# Anybody running a 1448 grizzly with 20hp 4-stroke merc?



## Thomas2151 (Jun 5, 2017)

I recently purchased one and am trying to get it set up right. Currently the cavitation plate is 3 inches below the bottom of the boat and I'm hitting the rev limiter with a 10p aluminum prop. I'm ordering a jackplate today. Any recommendations on a prop? What kind of speeds are you getting? I'm running 22-23 with the current set up and 2 people


----------



## turbotodd (Jun 5, 2017)

I used to have one, but mine was a Tohatsu (same exact motor with different stickers). 22mph is the best I saw with the 2 of us in the boat. Was a little sluggish but it got us from point A to point B and back many times.

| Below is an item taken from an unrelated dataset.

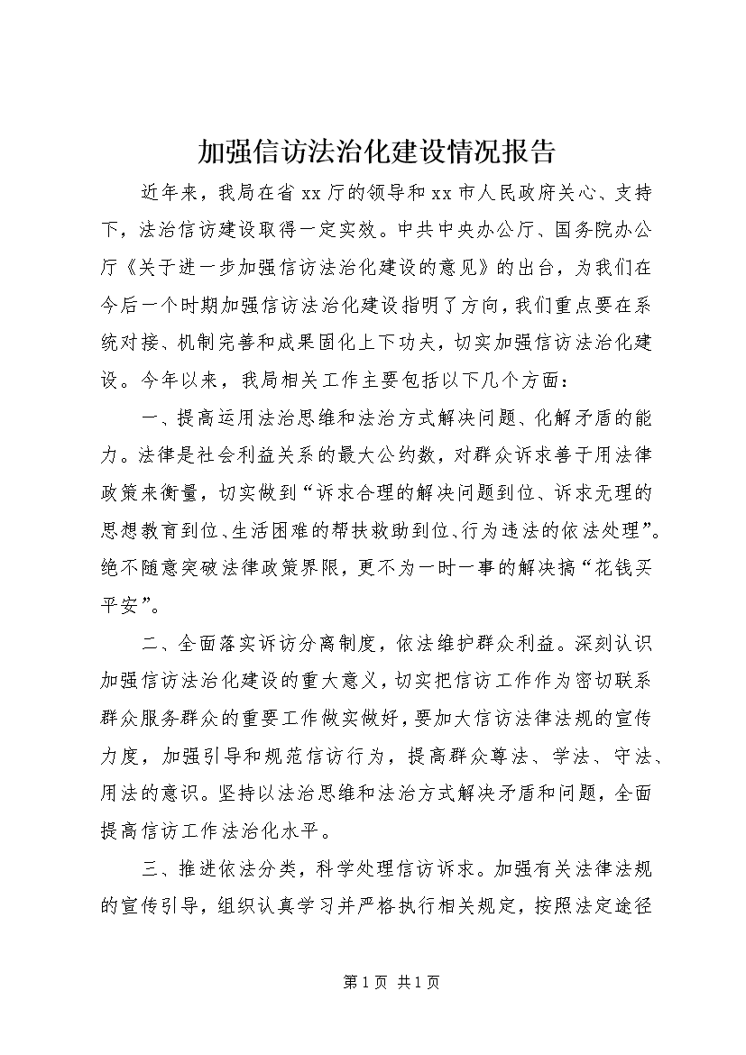 加强信访法治化建设情况报告

Kind of a noisy little motor.


----------



## Thomas2151 (Jun 5, 2017)

Yea that may be all I ever get out of it. I was hoping to get a few mor mph when I got the motor picked up but if i don't it's fast enough for what I'm gonna do with it. Do you remember what prop you had on it?


----------



## turbotodd (Jun 8, 2017)

Thomas2151 said:


> Yea that may be all I ever get out of it. I was hoping to get a few mor mph when I got the motor picked up but if i don't it's fast enough for what I'm gonna do with it. Do you remember what prop you had on it?




9.25 x 10. Was at 6030 RPM, 22.6 mph is the absolute best I saw on non-moving water, and that was in the dead of winter (cool air=more power) and at 462 feet altitude. In normal fishing season weather (May-November), typically high 20mph area, 21 occasionally. 'Course running the river, when they were generating, I could get 30 out of it. Downriver of course.


----------



## xXOnyxXx (Jun 9, 2017)

Thomas2151 said:


> I recently purchased one and am trying to get it set up right. Currently the cavitation plate is 3 inches below the bottom of the boat and I'm hitting the rev limiter with a 10p aluminum prop. I'm ordering a jackplate today. Any recommendations on a prop? What kind of speeds are you getting? I'm running 22-23 with the current set up and 2 people




i run a 13.5 on my 25 .... yea its a 2 stroke but they prop out pretty close .. my boat is A 1648 .... i would go atleast with a 12 since your boat is .100 and welded .. what around 400lbs .. with a 12 ya should get around 26mph


----------



## turbotodd (Jun 9, 2017)

xXOnyxXx said:


> Thomas2151 said:
> 
> 
> > I recently purchased one and am trying to get it set up right. Currently the cavitation plate is 3 inches below the bottom of the boat and I'm hitting the rev limiter with a 10p aluminum prop. I'm ordering a jackplate today. Any recommendations on a prop? What kind of speeds are you getting? I'm running 22-23 with the current set up and 2 people
> ...




Could try it, but if the motor doesn't have enough power to pull it, it's just going to lug the engine more, lose the holeshot, and be more likely to make oil. In my experience, the stock 10" was the best all around, there was no business changing it since it was running 6030 RPM and the recommended max is 6100. That's pretty close. A 12", in my own opinion, would be way too much prop for that boat, especially if there's any load in it. I suspect the top RPM would b down around 5100-5200 RPM, with a real sluggish holeshot and mid range, potentially even slower top speed, but I have not tried to verify-and could be wrong.


----------